Michigan is set to become the third state in the Midwest and twelfth in the country to require a shift to clean electricity.
Of all those states, Michigan is one of the most ambitious because of the extent of the change it is making.
Michigan’s target year for reaching 100 percent clean electricity is 2040, which is as soon or sooner than every state except for Rhode Island. (The bill that would do this is heading to Gov. Gretchen Whitmer’s desk for an expected signature, as Aydali Campa and I wrote this week.)
And, Michigan is starting from a place of having unusually dirty electricity, with nearly two-thirds of its current supply coming from fossil fuels.
To better understand this, I spoke with Jacob Corvidae of RMI, the clean energy research and advocacy group. He walked me through an analysis of the Michigan legislation in the Energy Policy Simulator, an open source forecasting tool put together by RMI and the think tank Energy Innovation.
I asked him to compare Michigan with Minnesota, a state that passed a clean electricity requirement in February, and Illinois, which passed its law in 2021.
All three states made leaps forward with their laws, but Michigan stands out for the “huge shift” it is making, Corvidae said with some state pride. He was born in Detroit and raised in the Detroit area and in a small town near Ann Arbor. He got his undergraduate degree at Kalamazoo College and has had several stints doing clean energy advocacy and analysis work in the state.
In 2022, Michigan got 15 percent of its electricity from renewable sources and 23 percent from nuclear power, according to RMI. With those two together, the state got 38 percent of its electricity from carbon-free sources. (Note that these percentages are slightly different than the ones from the Energy Information Administration, which I often cite, because of variations in counting methods.)
Minnesota is much cleaner at this point, with 33 percent of electricity from renewables and 25 percent from nuclear, for a carbon-free total of 58 percent.
Illinois is the cleanest of the three, with 12 percent renewables and 54 percent from nuclear, for a carbon-free total of 66 percent.
Despite having different starting points, Michigan and Minnesota would both aim to reach their goals by 2040 and Illinois has a target year of 2045.
I asked Corvidae what I may be missing in observing that Michigan has chosen a heavy lift, while this looks easy for Illinois.
One point to remember, he said, is that Illinois is larger than the other two states in terms of electricity generation, so even if it has a smaller share of coal and natural gas power plants to phase out, it still has a lot of those plants and will need to find ways to affordably and reliability replace the electricity.

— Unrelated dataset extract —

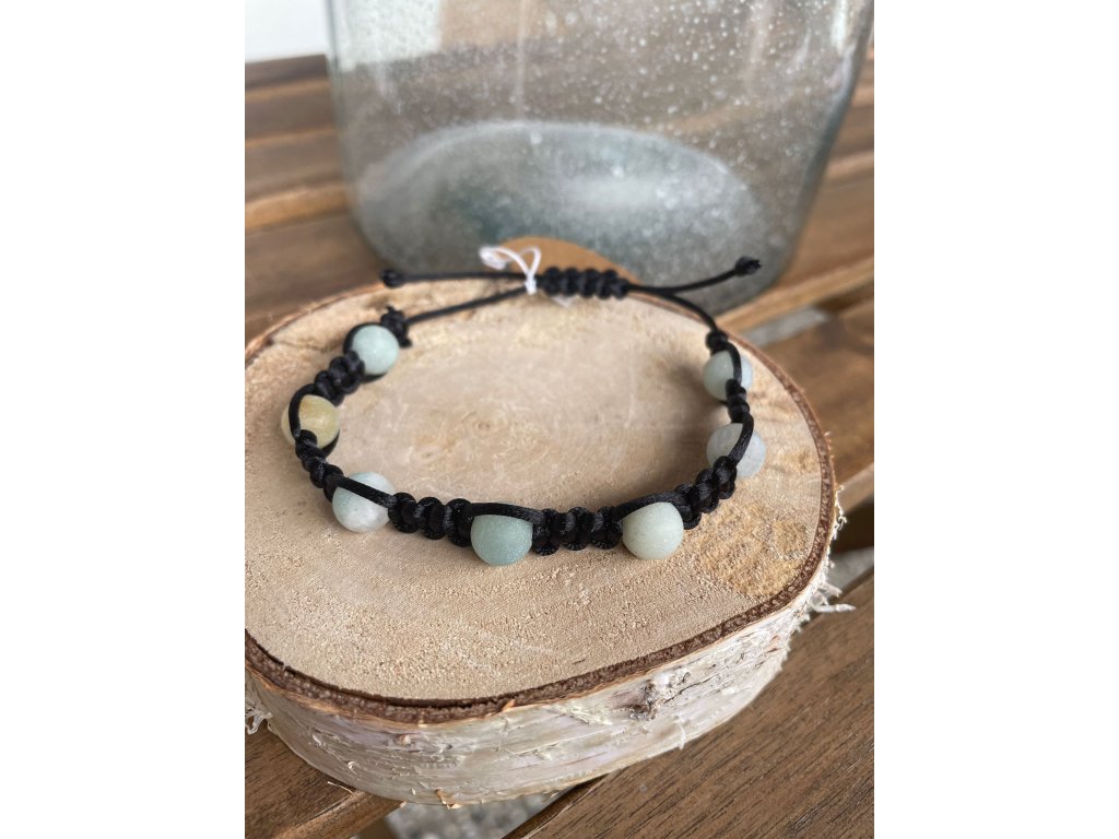 Drhaný náramek z černého provázku s amazonitem hnědým.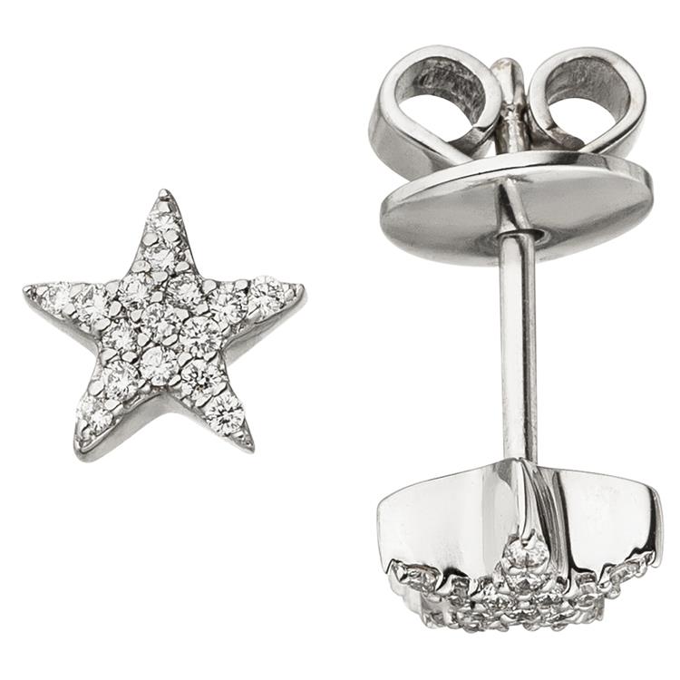 1 Paar Ohrstecker "Stern" aus 14 Karat (585) Weißgold mit 32 Diamant-Brillanten, 0,08 ct., W/SI wesselton (weiß), SI=(kleine, mit bloßem Auge nicht erkennbare natürliche Einschlüsse), Feinbearbeitung gut

Minnesota has some advantages as it reaches for clean electricity goals. A big one is that its largest utility, Xcel Energy, was the first major utility in the country to commit to get to net-zero emissions, and the company was already five years down the road of implementing its plan when Minnesota passed the clean energy law.
Michigan’s two largest utilities, DTE Energy and Consumers Energy, also have adopted plans to get to net-zero emissions, but those plans are more recent. Also, clean energy advocates have long criticized DTE for being slow to close its most polluting power plants.
DTE operates the Monroe Power Plant in Monroe, Michigan, the state’s largest coal-fired plant, with more than 3,200 megawatts of capacity. The company had initially said it would close the plant in 2040 but has since moved up the timetable to 2032.
The closing of that plant and the replacement with clean alternatives will be a big step toward Michigan meeting the 2040 target.
Michigan’s clean energy goal allows for utilities to continue to use natural gas power plants after 2040 if carbon capture systems are present. This is part of the bill that makes many environmentalists cringe.
I’m not going to defend the provision, but I can understand why utilities wanted this option in the bill, considering that natural gas power plants are Michigan’s leading electricity source, with about one-third of the state’s total. Gas’s share is much lower in Minnesota and Illinois.
One interesting takeaway is that the Energy Policy Simulator doesn’t project that any of the three states will get to 100 percent clean energy because there would remain small shares of natural gas power at the fringes of the economy. So, each state would get close to 100, but not all the way.
I’m focusing on the three Midwestern states because the transition to clean energy in this region is a vital part of the country’s transition. Midwestern states are some of the most dependent on fossil fuels and they are closer to the political center than states in the Northeast and the West Coast.
Once the transition gains momentum in the Midwest, it’s a sign that these kinds of policies have reached the mainstream.
“This is heartland policy,” Corvidae said, about the three states’ energy policies. “And I think that really signals that this is because hearts and minds are changing, people’s understanding of the challenges and possibilities are changing, and the economics have changed. And I think it is a pretty major emblem of that change.”